Despite increased impacts of waterlogging, spring barley yields increased by 5% in 2040s and 13% in 2080s for early sowing (ES) and by 7% in 2040s and 18% in 2080s for late sowing (Supplementary Fig. 1). Future climate change had variable effects on spring barley yield, ranging from positive (e.g. Australia, Germany, Spain, France, United Kingdom, Ukraine and Russia) to antagonistic (Argentina, Canada, Central Ethiopia, Ukraine and United states; Supplementary Table 1). Averaged across sites and climate horizons, yields increased by 22% and 9% for early and late sown winter barley (Supplementary Fig. 1). For both future climate horizons, winter barley yields increased for most regions under early sowing, with greater gains expected in Europe (18%; Supplementary Table 1). These changes suggest that forward shifts in sowing time of long season genotypes may benefit yields, congruent with other recent work40.
Distilling common stress patterns across diverse environments, genotypes and management approaches
Improved understanding of common waterlogging-stress seasonal patterns allows insight into the timing of waterlogging stress relative to crop phenology, which then governs cumulative effects on growth, tillering, floral development and yield33, 38, 41. When applied in the present study, these results help explain differences between yield penalty caused by waterlogging stress between winter and spring barley (Fig. 3 a-c, d-f). Using waterlogging stress outputs from the model computed as a function of historical climate, soil physics, atmospheric demand, plant biology and agronomy, we calculate stress indices for each day of crop growth.
We applied unsupervised k-means clustering to many thousand individual trajectories of discretised waterlogging stress as a function of phenological stage into four common clusters (Fig. 3, 4); within each stage the algorithm minimises within-cluster variances. The four clusters accounted for 71% of the variance for spring barley and 80% for winter barley (increasing to five clusters accounted for 74% and 85% of total variance for spring and winter barley and was deemed superfluous accuracy; Supplementary Fig. 9).
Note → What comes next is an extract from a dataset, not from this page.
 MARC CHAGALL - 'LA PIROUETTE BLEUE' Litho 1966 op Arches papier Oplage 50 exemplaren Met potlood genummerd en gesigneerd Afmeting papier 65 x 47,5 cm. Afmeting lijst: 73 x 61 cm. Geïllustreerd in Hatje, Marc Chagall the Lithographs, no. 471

While we showcase barley and waterlogging stress as exemplars, the principles shown here could be applied to any crop, region, stress type or biophysical model output.
Winter genotypes experienced substantially different patterns of seasonal waterlogging stress relative to spring genotypes at the global scale (cf. Fig. 3a-c, d-f); waterlogging primarily occurred in the juvenile phases of winter barley (WW3) cf. during reproductive development of spring types (SW2-3). While cereals are more likely to experience yield losses when exposed to waterlogging during their reproductive phases (yield formation of cereals being tightly coupled with kernel number and mass) we showed that winter genotypes exposed to waterlogging during their juvenile phases had lower yields than spring genotypes exposed to waterlogging during their productive phases, because the magnitude of waterlogging experienced by winter types was greater. Put another way, yield penalties caused by waterlogging reflected an important trade-off between the duration of waterlogging experienced within a given phase and the timing of waterlogging relative to crop stage; across simulations, yield penalties associated with winter barley were more severe than those of spring barley (Fig. 4a, d).
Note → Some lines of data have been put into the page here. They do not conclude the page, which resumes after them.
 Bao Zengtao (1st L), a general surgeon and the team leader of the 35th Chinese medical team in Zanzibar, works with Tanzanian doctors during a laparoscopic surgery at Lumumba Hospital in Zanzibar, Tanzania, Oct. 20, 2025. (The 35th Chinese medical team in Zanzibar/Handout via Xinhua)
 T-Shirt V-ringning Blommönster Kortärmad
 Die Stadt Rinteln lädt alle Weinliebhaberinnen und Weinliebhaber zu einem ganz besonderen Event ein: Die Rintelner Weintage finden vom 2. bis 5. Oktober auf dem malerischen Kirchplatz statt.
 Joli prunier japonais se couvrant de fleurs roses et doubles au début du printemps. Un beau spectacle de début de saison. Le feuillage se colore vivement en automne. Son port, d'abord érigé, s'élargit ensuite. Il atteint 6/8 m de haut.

While recurrence frequencies for each of the four main waterlogging stress patterns for spring genotypes remained similar under future climates, frequencies of early severe (WW3) and mild (WW1) waterlogging during the juvenile phases of winter genotypes increased under future climates at the expense of seasons with minimal waterlogging. Stress pattern WW1 increased from 7% to 17% (under early sowing; Fig. 4e) while WW3 from 3% to 8% (under late sowing; Fig. 4f) compared with the baseline and 2080 periods (Fig. 3). Increased frequencies of severe waterlogging underpin the greater reductions in yields observed for winter genotypes compared with spring genotypes under future climates (Fig. 2a, c; 4d), primarily due to increased waterlogging in France, the UK, Russia and China (Supplementary Fig. 4).
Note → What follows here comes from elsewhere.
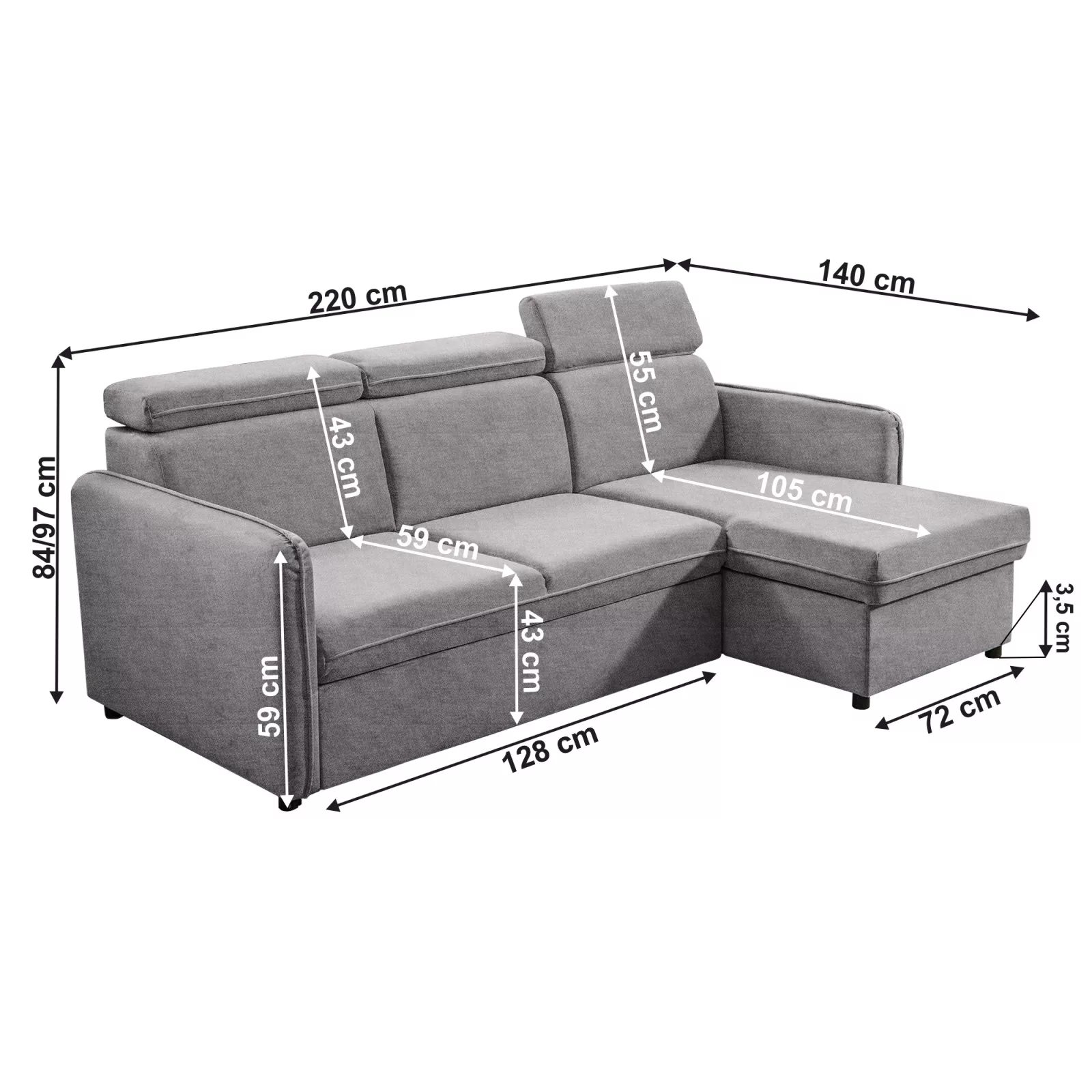 Méretek (SzxMéxMa): 220x140x84/97 cm

Prospective pathways for adapting to waterlogging
Adaptation of agricultural systems to climate change has and will require cross-disciplinary action: new knowledge, practices and technologies that integrate agronomic, environmental, molecular, social and institutional dimensions will be required5, 42, 43. By 2080, early sowing of spring barley reduced occurrence of low waterlogging (SW0; Fig. 4b), while later sowing of spring barley increased the likelihood of low waterlogging occurrence (but did not affect the frequency of the most severe type of waterlogging SW3; Fig. 4c). In contrast, earlier sowing of winter barley diminished frequencies of both severe and low waterlogging stress (WW1 and WW3; Fig. 4e), while later sowing of winter types increased risk of early-onset severe and moderate waterlogging (WW1-WW3; Fig. 4f). Overall, we suggest that sowing time of spring barley in 2080 had relatively little effect on the magnitude of type of waterlogging stress, while later sowing of winter barley was likely to increase likelihood of exposure to waterlogging stress.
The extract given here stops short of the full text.